Is It Finally Time to Invest in Marijuana Stocks?

Politics aside, there's a lot of green to be made in the burgeoning legal marijuana market. As more states move toward legalization, the potential to profit grows higher and higher. But in many cases, it's still just potential.

While the industry is worth watching for investment opportunities, there are also some very real downsides to investing in cannabis right now. Read on for our roundup of the pros and cons of investing in weed.

Cannabis industry growth is soaring

According to cannabis research group ArcView, legal marijuana sales in North America increased by 34 percent to $6.9 billion in 2016. A prediction from investment firm Cowen & Co. puts the U.S. market at $50 billion by 2026. More than half of all U.S. states have already legalized the use of medical marijuana, while eight states and counting have legalized recreational use for adults.

Another triumph is the story of cannabinoid group GW Pharmaceuticals, whose stock has skyrocketed nearly 1,300 percent in value in less than four years. What's more, a growing percentage of Americans are supportive of marijuana legalization. Public support for legal cannabis has grown to 60 percent, according to a 2016 poll by Gallup. All of this makes for fertile grounds for further cannabis industry growth.

Marijuana could become the next dot-com bubble

When it comes to cannabis stocks, Canada is leading the scene. Unburdened by the depth of opposition that recreational marijuana has raised from the U.S. Attorney General and many in the U.S. Republican party, Horizons Medical Marijuana Life Sciences ETF — one of the first cannabis ETFs in North America — started trading on the Toronto Stock Exchange in April, almost instantly becoming one of the month's most popular funds. Propelling the marijuana ETF toward further success is a rise in investor enthusiasm sparked by the legislation recently introduced by Prime Minister Justin Trudeau to legalize cannabis across Canada. (The plan is expected to pass.)

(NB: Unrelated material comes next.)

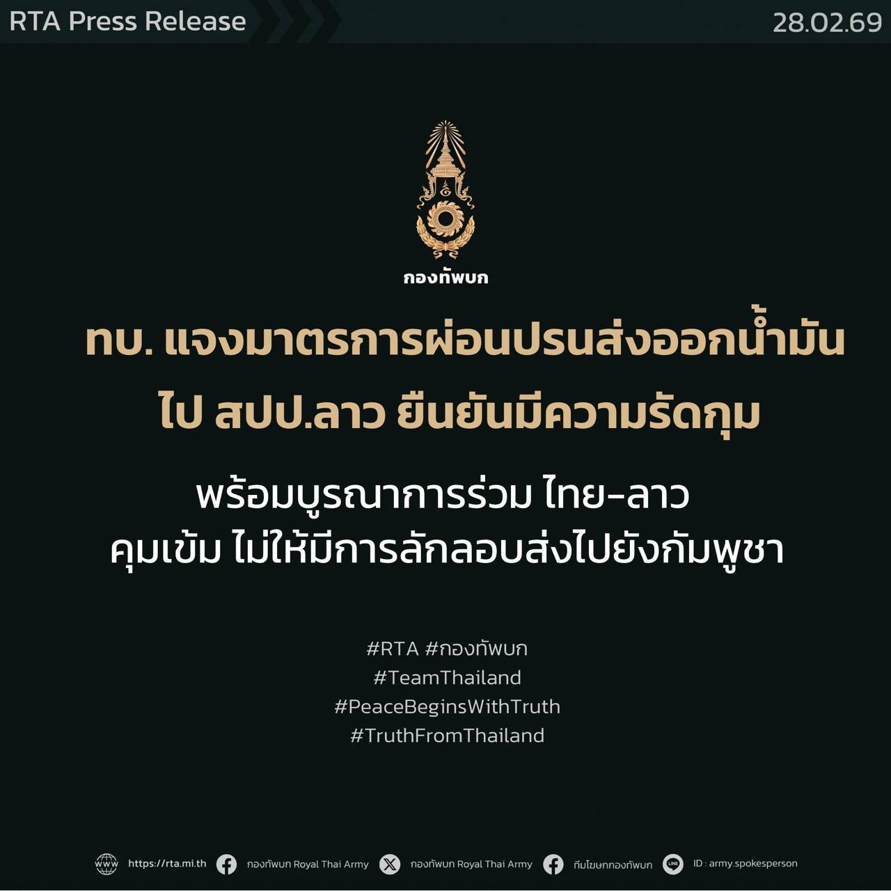 ทบ. แจงมาตรการผ่อนปรนส่งออกน้ำมันไป สปป.ลาว ยืนยันมีความรัดกุม...

For a new fund, this level of accomplishment is rare. But experts caution that the marijuana market remains dicey. Canada's landmark marijuana ETF has 14 members, some of which include drug companies whose profits largely draw from sources outside marijuana research. Add to that a 0.75 percent management fee — higher than the norm. The bottom line is Canada's marijuana stocks are still largely speculative, so investors should be cautious.

Marijuana businesses are hampered by a cash-only economy

Marijuana businesses are completely shut out of traditional financial services, which means the industry is forced to operate in a cash-only environment. Banks and credit card companies have largely been unwilling to work with cannabis firms, even in states where marijuana use is legal, because federal law still prohibits them from taking marijuana money.

Whenever a business is forced to deal in cash, there are security risks that its stockholders inevitably have to shoulder. Working in a cash economy, for example, means that a business is more susceptible to robbery or employee theft. It's also a growth inhibitor.

Penny stocks still dominate the cannabis trade

Most marijuana stocks on the market are penny stocks. Translation: They're pretty much one big gamble. With a share price of $5 or less, these stocks are unpredictable, and getting accurate and timely financial stats about them can be difficult. Of course, even a penny stock can experience explosive gains. But at this point, experts say it's little more than a coin toss.

Despite impressive growth, most marijuana stocks are losing money

What do most marijuana stocks have in common? They are losing money. Just two cannabis companies in operation can claim a positive EBITDA (earnings before interest, taxes, depreciation, and amortization), which is an operating performance-focused metric commonly used by investors to guide their investment decisions.

Those companies are the Ontario-based Canopy Growth Corp. and Aphria. As for GW Pharmaceuticals and all the others? Shut out from traditional banking and tax deductions, they are operating in a completely experimental world where they're left to learn as they go.

Don't go chasing unicorns

Experts warn that some marijuana companies are little more than a sham. Without a sound business plan, they are roping investors in based on an idea rather than substance or experience to put that idea into action. Don't get roped in. Be skeptical and do your homework. If a company or investment opportunity appears too good to be true, it probably is.

Marijuana news websites that only praise a company, for example, might be getting paid to do so. "Check financial websites like Yahoo Finance to see if management is selling any of their shares," Barry Clark, CEO at cannabis company FlowerKist, recently told Forbes. "If they believe in the company, they won't be selling their shares."